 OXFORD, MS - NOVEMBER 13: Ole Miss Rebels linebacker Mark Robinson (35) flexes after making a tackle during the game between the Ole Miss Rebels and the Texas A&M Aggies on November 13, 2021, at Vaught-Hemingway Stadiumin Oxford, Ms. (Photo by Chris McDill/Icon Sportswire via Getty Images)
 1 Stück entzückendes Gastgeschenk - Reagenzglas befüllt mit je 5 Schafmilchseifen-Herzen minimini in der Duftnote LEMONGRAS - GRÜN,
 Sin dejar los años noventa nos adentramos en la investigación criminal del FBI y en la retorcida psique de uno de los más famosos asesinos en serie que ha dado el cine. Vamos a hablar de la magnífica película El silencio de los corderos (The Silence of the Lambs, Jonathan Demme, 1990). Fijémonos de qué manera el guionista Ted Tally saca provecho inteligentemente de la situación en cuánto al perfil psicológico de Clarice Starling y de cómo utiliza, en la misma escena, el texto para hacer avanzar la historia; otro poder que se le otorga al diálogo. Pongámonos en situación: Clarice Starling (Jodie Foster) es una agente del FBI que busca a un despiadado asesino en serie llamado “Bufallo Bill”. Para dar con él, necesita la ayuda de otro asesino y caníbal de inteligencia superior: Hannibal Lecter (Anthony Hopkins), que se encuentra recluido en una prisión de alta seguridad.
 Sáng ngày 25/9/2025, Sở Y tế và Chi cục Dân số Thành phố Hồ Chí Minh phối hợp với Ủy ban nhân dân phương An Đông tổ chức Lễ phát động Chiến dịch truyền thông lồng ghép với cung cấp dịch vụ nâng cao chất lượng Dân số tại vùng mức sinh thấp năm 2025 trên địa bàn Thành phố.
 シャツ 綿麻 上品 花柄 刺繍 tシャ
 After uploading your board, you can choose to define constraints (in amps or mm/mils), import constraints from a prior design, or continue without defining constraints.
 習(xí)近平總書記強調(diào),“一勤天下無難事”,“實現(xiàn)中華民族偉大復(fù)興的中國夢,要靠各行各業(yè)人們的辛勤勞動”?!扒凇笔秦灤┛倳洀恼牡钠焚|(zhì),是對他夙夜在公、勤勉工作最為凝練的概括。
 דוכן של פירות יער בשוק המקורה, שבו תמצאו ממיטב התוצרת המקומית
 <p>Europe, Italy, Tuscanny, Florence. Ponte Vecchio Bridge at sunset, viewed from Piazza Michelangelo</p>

**Work task**
Each line from the start of the listing above through the line containing "1 Stück entzückendes" should be copied exactly, please, with no other lines added.

**Task output**
 OXFORD, MS - NOVEMBER 13: Ole Miss Rebels linebacker Mark Robinson (35) flexes after making a tackle during the game between the Ole Miss Rebels and the Texas A&M Aggies on November 13, 2021, at Vaught-Hemingway Stadiumin Oxford, Ms. (Photo by Chris McDill/Icon Sportswire via Getty Images)
 1 Stück entzückendes Gastgeschenk - Reagenzglas befüllt mit je 5 Schafmilchseifen-Herzen minimini in der Duftnote LEMONGRAS - GRÜN,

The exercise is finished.